Lecture 2 of 3

What Is Intelligence?

Challenge your assumptions

Overview

This lecture is essentially a book report on What Is Intelligence? by Blaise Agüera y Arcas, a researcher at Google DeepMind. The book synthesizes ideas from physics, biology, and computer science to argue that intelligence exists on a continuum—from bacteria to humans to AI.

If you accept his framework, it changes how you think about what we've built with AI and what it means for humanity's place in the world.

What This Lecture Covers

From Deep Sea Vents to Life

Energy differentials drive complexity. In the primordial soup, chemistry happened faster near heat sources, molecules started replicating, and life emerged as a way to fight entropy. "I think of myself more as a tornado than a rock"—we're processes that use energy to maintain ourselves against chaos.
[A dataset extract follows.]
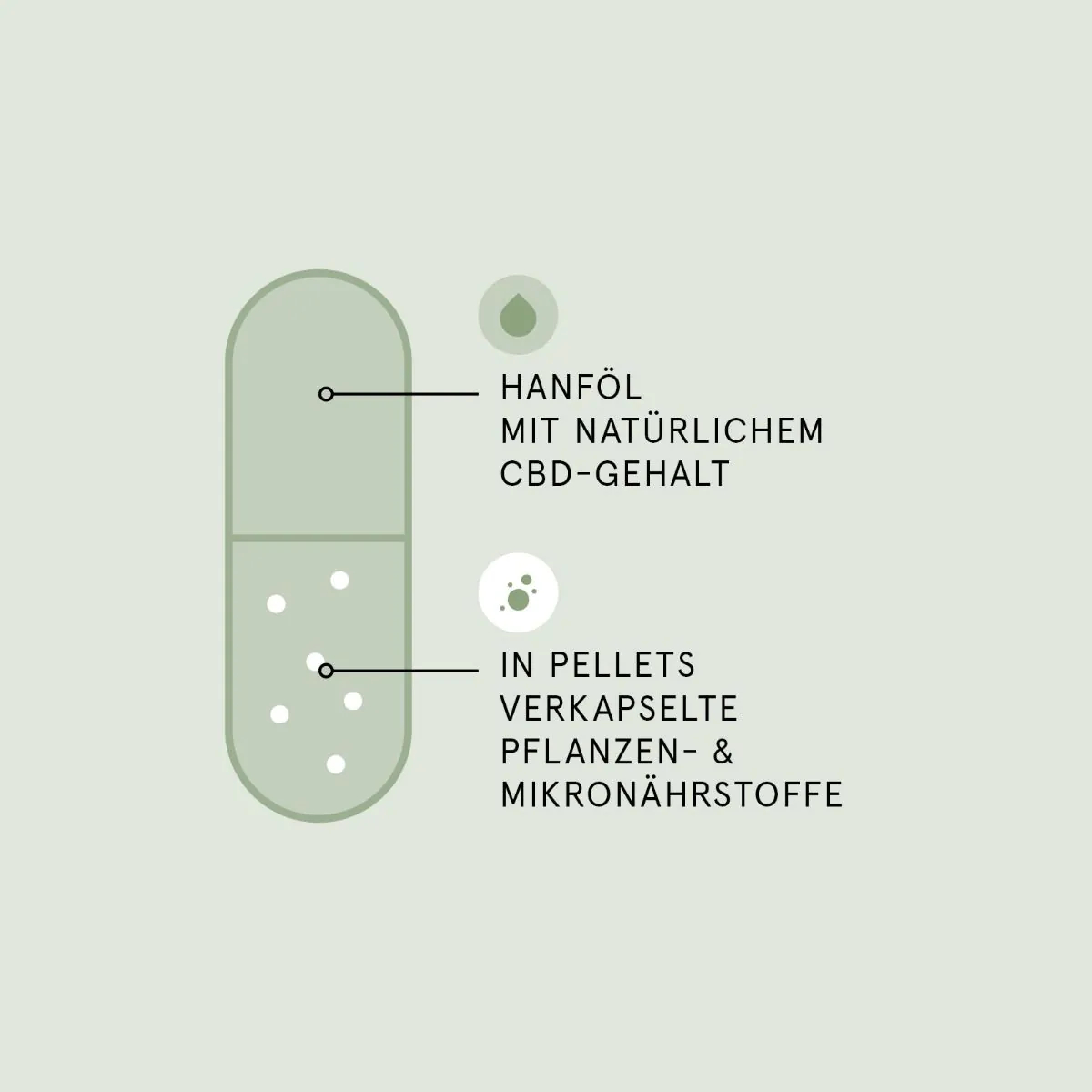 Umgeben von der kraftvollen Basis aus Hanf- und Nachtkerzenöl enthalten die Pellets eine Mischung aus Pflanzen- und Mikronährstoffen. Vitamin B6 unterstützt die Regulierung der Hormontätigkeit, Rotklee ist reich an Isoflavonen. Salbei wird als natürlicher Begleiter bei Schweißausbrüchen geschätzt. Hanföl mit seinen ausgleichenden Effekten rundet die Rezeptur ab und trägt zu mehr Entspannung im Wechsel bei - als Voraussetzung für eine erholsame Nachtruhe und mehr Wohlbefinden.

Conway's Game of Life Demo

A live demonstration of how three simple rules create stunning complexity. Cells that survive, reproduce, or die based only on their neighbors—yet from this emerges gliders, glider guns, and even a working Turing machine. Complexity from simplicity, computation from simple rules.

Bacteria Doing Calculus

A single-celled organism can't see where food is, but it measures sugar concentration over time and adjusts its movement accordingly. It has an internal model of its environment. It predicts. By this definition, bacteria are intelligent—and everything else is just more sophisticated versions of the same principle.

Why Brains Got Big

Not for hunting—for modeling other minds. Social creatures need to predict what others are thinking, which requires modeling modelers. There's no central "homunculus" in your head; the brain is distributed processing, multiple pieces working together. Octopuses literally think with their arms.

Language as Compression

Language compresses our models of the world into transferable form. A model trained only on English could translate to Turkish using just a lookup table—because the underlying concepts are universal. AI has learned to tap into these patterns.
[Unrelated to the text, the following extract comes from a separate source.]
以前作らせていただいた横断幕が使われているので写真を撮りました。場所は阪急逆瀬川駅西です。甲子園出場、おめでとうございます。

Symbiogenesis: The Big Leaps

The biggest jumps in evolution came not from gradual mutation but from merger—like when mitochondria joined our cells. The book argues we're in the middle of another major evolutionary transition: the symbiogenesis of humanity and AI.

The Core Ideas

The uncomfortable question: If there's nothing metaphysically special about human cognition—if it's just more of the same thing bacteria do—what grounds human dignity? Was anthropocentrism a useful fiction?

Based On

This lecture draws heavily on What Is Intelligence? by Blaise Agüera y Arcas, freely available at whatisintelligence.antikythera.org. The book is fully referenced and available online.

Questions for Next Week

The lecture ends by sharing questions generated with Claude about the implications of this framework—questions about dignity, moral obligations across the intelligence continuum, responsibility without a unified self, and how religious traditions might respond. These set up the final lecture.